Greg Anthony hausse les sourcils et grimace. Il fait référence à Larry Johnson, son vieux coéquipier d'université.
-Bon courage. Je lui parle quasiment jamais, et pourtant on est restés assez proches.
-Comment c'est possible?
-Messagerie vocale. On se laisse des messages tout le temps, mais on s'est pas parlé en vrai depuis longtemps.
Et ça continue. Les uns après les autres, les vieux amis de Johnson racontent une histoire semblable. Ils adorent LJ, c'est le meilleur coéquipiers qu'ils aient jamais eu, leur joueur préféré, un exemple étincelant de tout ce qui est bon dans le basket... et ils ne lui ont pas parlé depuis des lustres. Tout ça colle bien avec la façon dont Larry Johnson a joué ses ultimes saisons, pendant lesquelles il était un leader d'équipe qui évitait la lumière des projecteurs. Sa carrière, longue de 10 ans, a pris fin sans atermoiements lorsqu'il a discrètement pris sa retraite en 2001 ; les Knicks avaient voulu tenir une conférence de presse et lui offrir une sortie digne de ce nom, mais il avait décliné la proposition, préférant faire des allers et retours à New York sans tapage pour signer les papiers. Les problèmes chroniques de dos qui l'avaient forcé pendant des années à jouer en souffrant (il prenait jusqu'à huit médicaments juste pour enfiler l'uniforme) avaient fini par avoir raison de lui au jeune âge de 32 ans. Johnson était retourné à Dallas avec sa femme et ses enfants, et presque plus personne depuis n'avait entendu parler de lui.

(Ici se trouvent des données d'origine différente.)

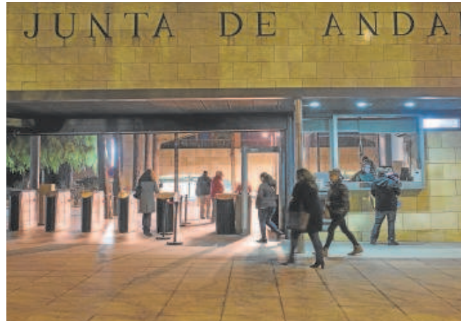
Empleados de la Junta entrando a Torre Triana, en Sevilla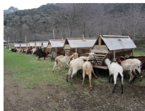
Imatge d'unes cabres alimentant-se.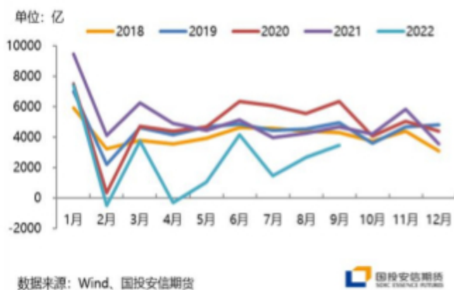
图：居民中长贷仍弱于历史同期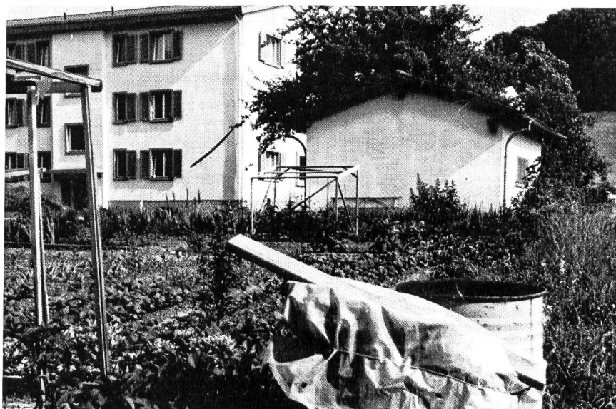
Abb. 1. Trinkwasserfassung ohne Schutzzone am Rand eines Wohngebiets. Eine Gemeinde hatte vor 25 Jahren in einer angemessenen Schutzdistanz von dem damals talaufwärts noch 150 m entfernten Baugebiet ein Grundwasserpumpwerk erstellt. Da keine Schutzzone ausgeschieden wurde, ist heute das Baugebiet mit Wohnhäusern und Gemüsegärten bis in die unmittelbare Nähe des Pumpwerks vorgerückt

Erst 1953 haben die deutschen Fachleute den Begriff der Schutzzone wesentlich erweitert. Sie nannten das bisherige engere Schutzgebiet jetzt «Fassungsbereich» und das bisherige erweiterte Schutzgebiet jetzt «Engere Schutzzone» und schlossen an diese beiden Teile des bisher schlechthin als Schutzzone zusammengefassten Gebietes eine «Weitere Schutzzone» an. In dieser forderten sie aber kaum mehr, als was auch bis anhin über allen nutzbaren Grundwasservorkommen zu den in Fachkreisen allgemein anerkannten Regeln des Gewässerschutzes und der Siedlungswasserwirtschaft gehörte und was deshalb von den Wasserwerkinhabern auch kaum verlangte, besondere Dienstbarkeiten zu erwirken. Im wesentlichen handelt es sich ausserhalb der im engeren Sinn verstandenen Schutzzonen darum, durch eine voll-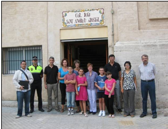
Document 4.2. Les participants de l'un des 5 audits menés par AER. Cet audit était concentré autour de l'école de Sant Andreu à l'Alcudia, Espagne

Si vous n'avez pas vu LJ jouer avant ses dernières années au Garden, il se peut que vous haussiez les épaules, que vous vous demandiez quelles sont les raisons de tout ce tapage, et que vous soyez surpris d'apprendre qu'il était en couverture du tout premier SLAM. Mais à UNLV (University of Nevada Las Vegas, NdT) et aux Charlotte Hornets, LJ était une merveille physique: 2m et 112kg de muscles ciselés capables de se propulser dans les airs avec la plus grande facilité. Il était également armé d'un arsenal de mouvements dos au panier d'une précision proche de la perfection. Cette combinaison du Yin et du Yang du basket le rendait, quand il n'était pas blessé, quasiment im-po-ssi-ble à arrêter. Et pourtant ses coaches devaient lui demander de shooter plus: imaginez une machine offensive toujours prête à passer la balle, qui adorait jouer la défense et était capable de mettre un meneur sous l'éteignoir un soir et un ailier fort le lendemain.
Vous ne trouverez pas ses propos dans ces lignes, mais vous y trouverez son histoire.

Larry Johnson a grandi dans la cité de Dixon Avenue dans le quartier de South Dallas (juste en face de chez Dennis Rodman) dans un des endroits les plus rudes de la ville. Sa mère Dortha voulait le sortir du quartier et choisit le lycée de Skyline High car elle avait entendu dire que JD Mayo, l'entraîneur, menait sa barque d'une main ferme.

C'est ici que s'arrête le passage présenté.